Actually, I want to know is perfectly valid. If it’s politeness you’re trying to achieve, you could say I would like to know.

This transforms what might have been interpreted as a demand into a request.

An alternative word would be enquire, such as in I would like to enquire.

  • 1
    Actually, I don’t think that enquire works here.
    – tchrist
    Commented Nov 18, 2012 at 14:44
  • You could say something like: On a different note, I wanted to inquire as to how you are doing [something].
    – jsve
    Commented Feb 25, 2014 at 4:50

You can precede to know with all sorts of verbs. Which you choose depends on the context, and the precise degree of formality and politeness you are striving for. In many contexts, including formal ones, I want to know may well serve the purpose, but occasionally you may, for example, want to write I should like to know. It’s really not possible to say more than that without knowing the purpose of the text you have in mind.

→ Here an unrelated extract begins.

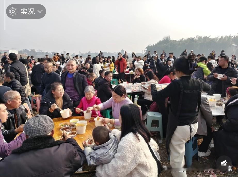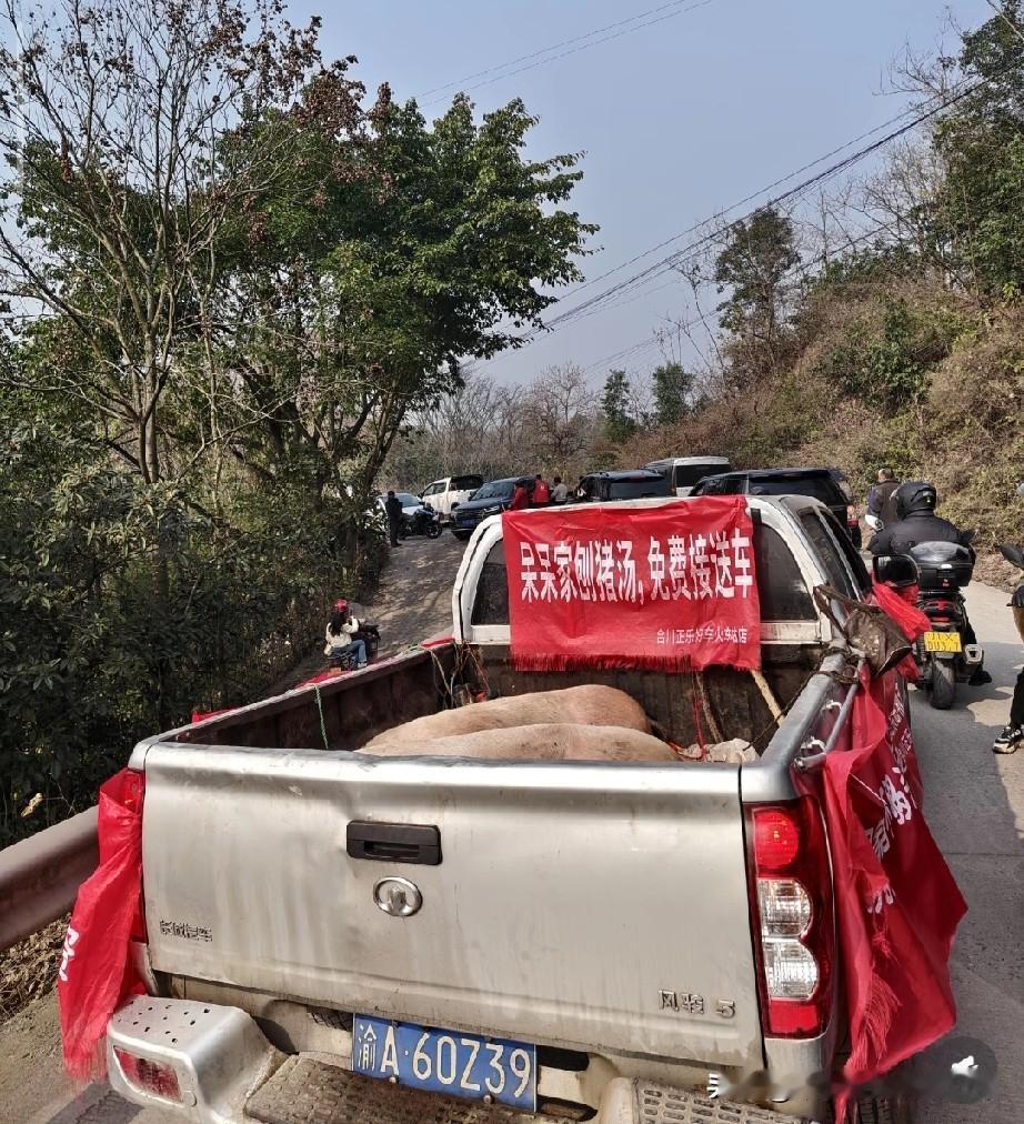合川呆呆家杀年猪火成“乡村嘉年华”! 数万人挤爆现场太震撼 重庆合川的乡村公路上,摩托队排成长龙蜿蜒数里,皮卡车挂着“呆呆家刨猪汤免费接送车”的红幅穿梭其中,这不是景区旺季,只是呆呆家一场杀年猪的民俗活动。我中午揣着期待赶到,先在太平嗦了碗喷香的钟鼓楼羊肉粉,到现场直接被人山人海惊到——后厨里网友们撸起袖子帮忙择菜、端碗,院坝里摆开的长桌坐满了食客,鸭肉、猪肉、鱼肉轮番端上桌,热乎的刨猪汤香飘老远。 工作人员正忙着搭灯光、布舞台,听说晚上还有直播达人的表演,连通信保障车都开到了现场。合川文旅的贴心安排,让这场乡土味的活动变得井井有条。 可这样的网红民俗活动,到底是让乡土文化活了起来,还是只是网红经济下的一场短暂热闹?有人觉得烟火气十足,也有人担心变了味,你怎么看?

  • I'm writing an email to manager of some other company, and wanted to ask him: "On a different note, I wanted to know how you are doing smth"
    – mrz
    Commented Nov 18, 2012 at 8:15
  • That could be ok, but I don't understand how you are doing smth. Commented Nov 18, 2012 at 8:31
  • mrz wants to know how (the addressee) is doing something -- the way he is carrying it out, perhaps.
    – Kris
    Commented Nov 18, 2012 at 10:17
  • you're right Kris.
    – mrz
    Commented Nov 18, 2012 at 11:03
  • Certainly I should like to know sounds more formal, and rather more demanding, than I’m keen to know does. Part of that is the use of the “old” (?) 1st-person I should over I would, but another is the lack of contraction. My unresearched, gut feel is that the keen construct is comparatively rare, at least in North America. But normal speech would just be I’d like to know, which is not quite so stiffly demanding.
    – tchrist
    Commented Nov 18, 2012 at 14:39

Alternative expression for I want to know could be something like I enquire, I seek, I investigate, etc.

There’re lots of ways to say it, but you may have to decide which suits you best based on your actual context.